- Founded: 2016
- Founder: Matti Nives
- Genre: jazz
- Country of origin: Finland
- Official website: wejazzrecords.bandcamp.com

= We Jazz Records =

We Jazz Records is a Finnish jazz record label, based in Helsinki.

== History ==
The We Jazz name was first used when Matti Nives hosted a club night with saxophonist Timo Lassy in 2009. Later in 2013, Nives started an annual We Jazz Festival in Helsinki, before he launched We Jazz Records in 2016. The first release was a self-titled album by Bowman Trio, released in September 2016. It had been recorded at the We Jazz Festival in December 2015.

The label has been noted for releasing different styles of jazz, including those that explore electronica and experimental music. Many of their releases come from within the Helsinki jazz scene.

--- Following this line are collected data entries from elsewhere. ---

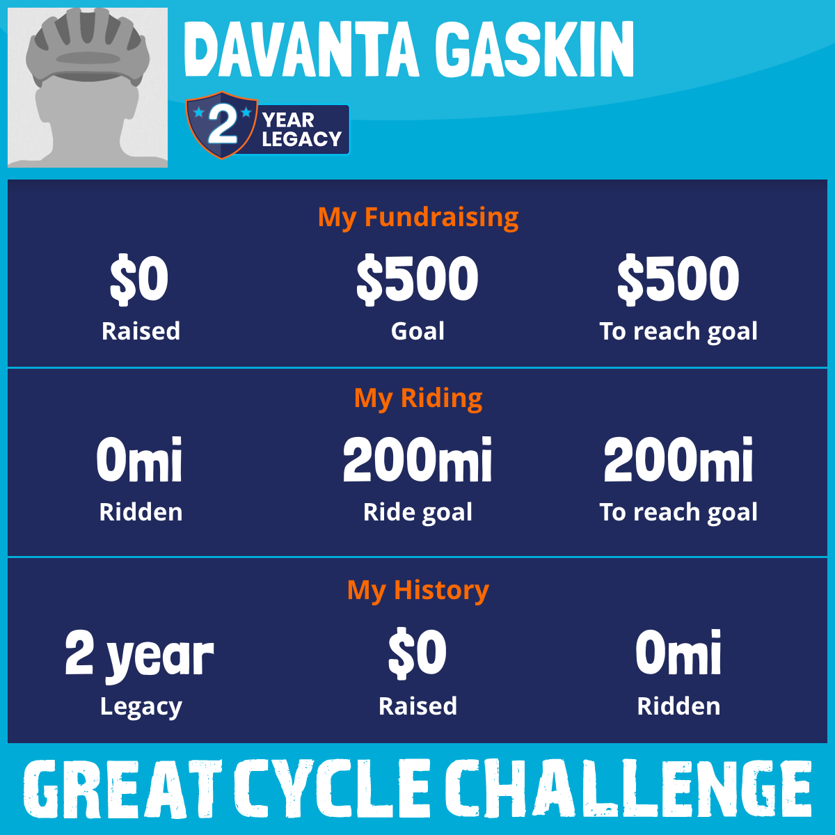 I am riding 200 mi for Doretha. Please sponsor me and support my challenge to fight kids' cancer and save little lives.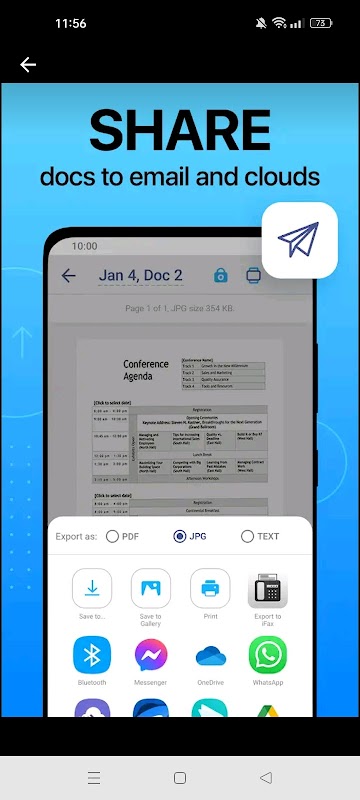 • PDF scanner—scan to PDF or JPEG and put any number of pages together in one convenient document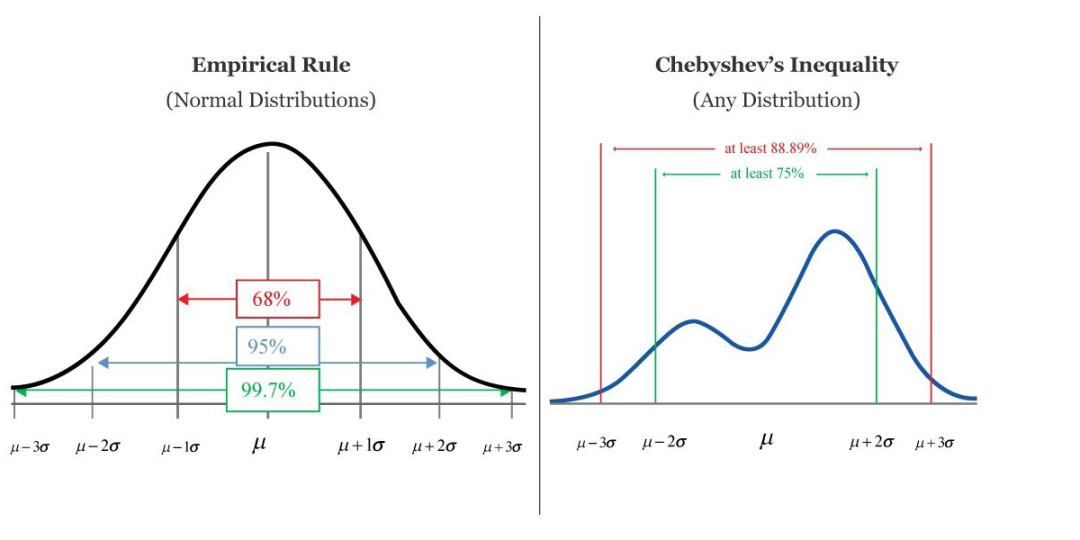 为界。切比雪夫不等式的用途和正态分布的 68−95−99.7 法则类似,但可以应对更一般的概率分布。此不等式保证,对于一系列范围很广的随机变量,有至少 75% 的值分布离期望两个标准差之内的范围当中,有至少 88.9% 的值分布离期望三个标准差之内的范围当中。切比雪夫不等式是马尔可夫不等式的直接推论。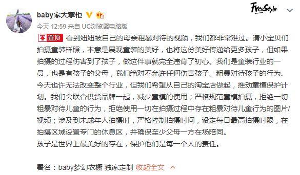女童模妈妈致歉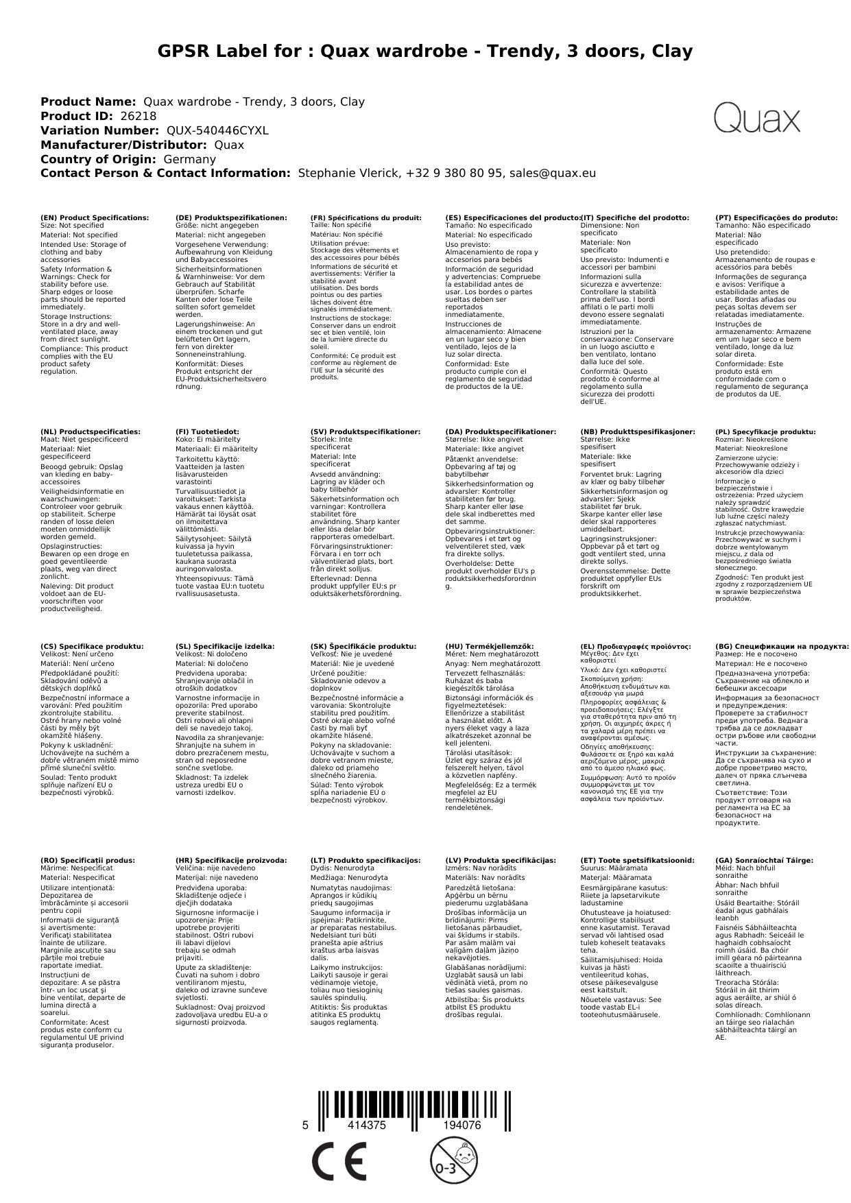 Kontrolle: Überprüfen Sie die Kleiderschrank regelmäßig angesichts zerbrochener, verzerrter oder verschwundener Teile. Bei Feststellung solcher Mängel sofort den Gebrauch des Möbels unterbrechen.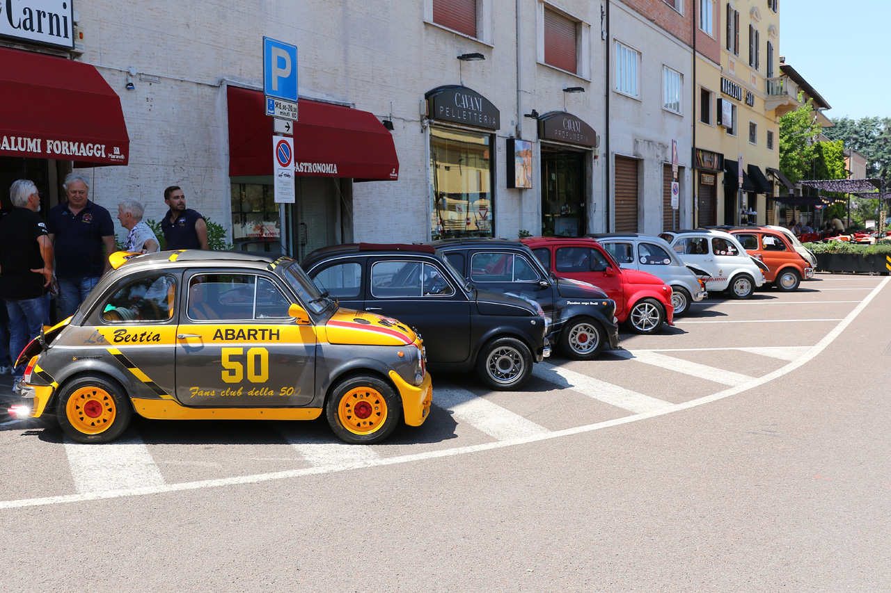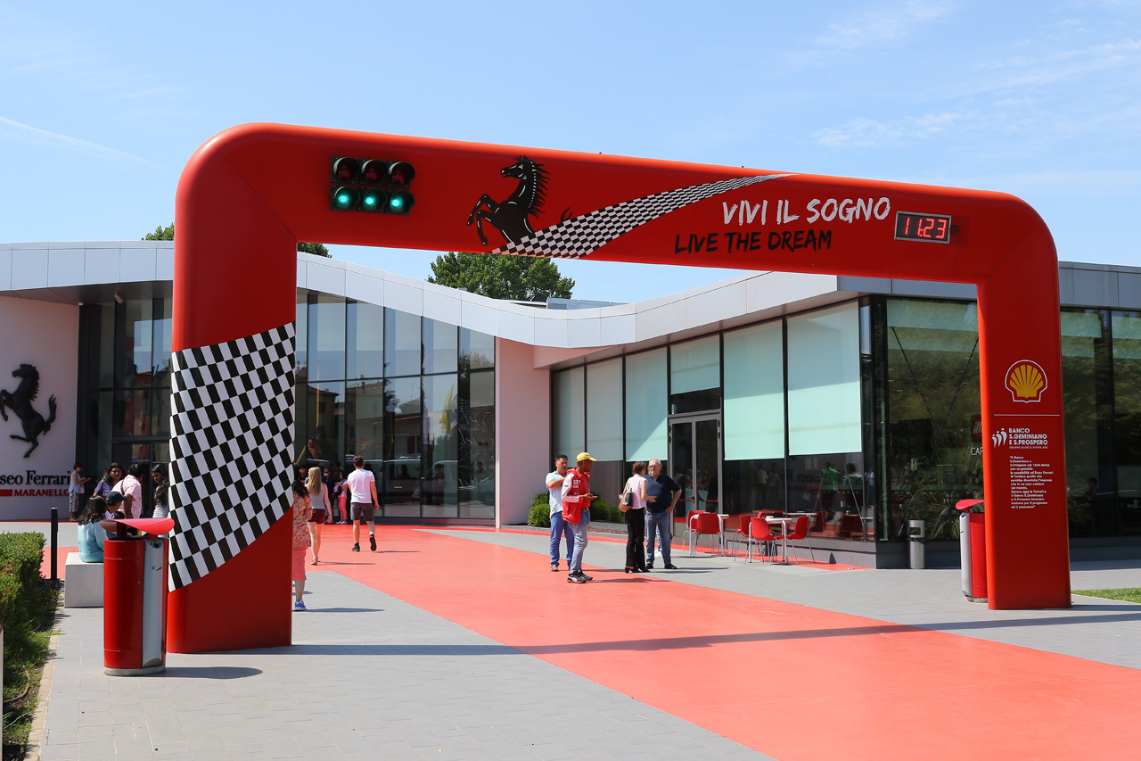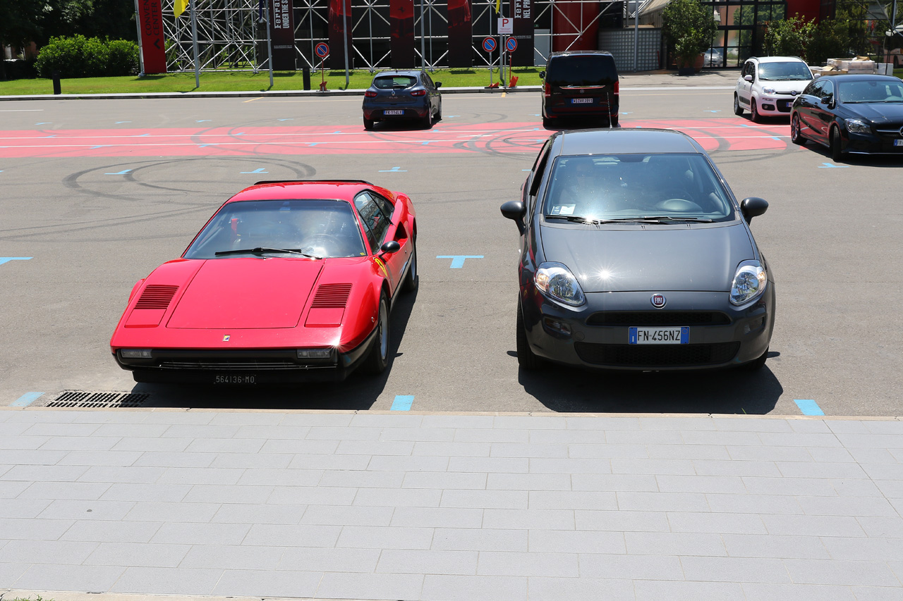 Malgré la chaleur nous décidons de partir en vadrouille dans les rues de la ville. Comme c’est dimanche, c’est peu de dire que c’est mort. Les seules animations dans les rues sont les gogols qui ont loué une Ferrari dans une des boutiques présentes autour du musée et qui font hurler la chiotte – mais trop quand même. Ce qui est drôle c’est qu’on voit autant de Ferrari autour du musée que dans le musée. Bref, nous voila sur la « grande » place de Maranello où il y a un peu de vie! Et pour cause, il y a un rassemblement de Fiat 500 – des vraies hein, pas les daubes qu’on vend aux bobos aujourd’hui. C’est rigolo et il y en a pour tous les goûts. Une fois de retour à la voiture, nous constatons avec plaisir que le pif de la place était gagnant car elle était à l’ombre, ce qui est une bonne chose vu qu’il faisait dans les 33°. Pour la forme nous passerons devant l’entrée du circuit de Fiorano – à 300 mètres du musée – qui est le circuit privé de Ferrari où les voitures sont testés à leur sortie d’usine – usine attenante au circuit.

The We Jazz Festival has continued to be held each year in late-November / early-December, except for in 2020 due to the COVID-19 pandemic in Finland. Instead, they founded the Odysseus Festival, held in 2021 on the small island of Lonna.

A quarterly magazine, We Jazz Magazine, was launched as an experiment. For the first issue, 1,000 copies were printed which sold out within two weeks. The second issue, released in 2021, increased the number of copies to 2,000.

A We Jazz store was opened in 2019 after Nives was offered a large vinyl collection owned by late Swiss music journalist Francis Montfort.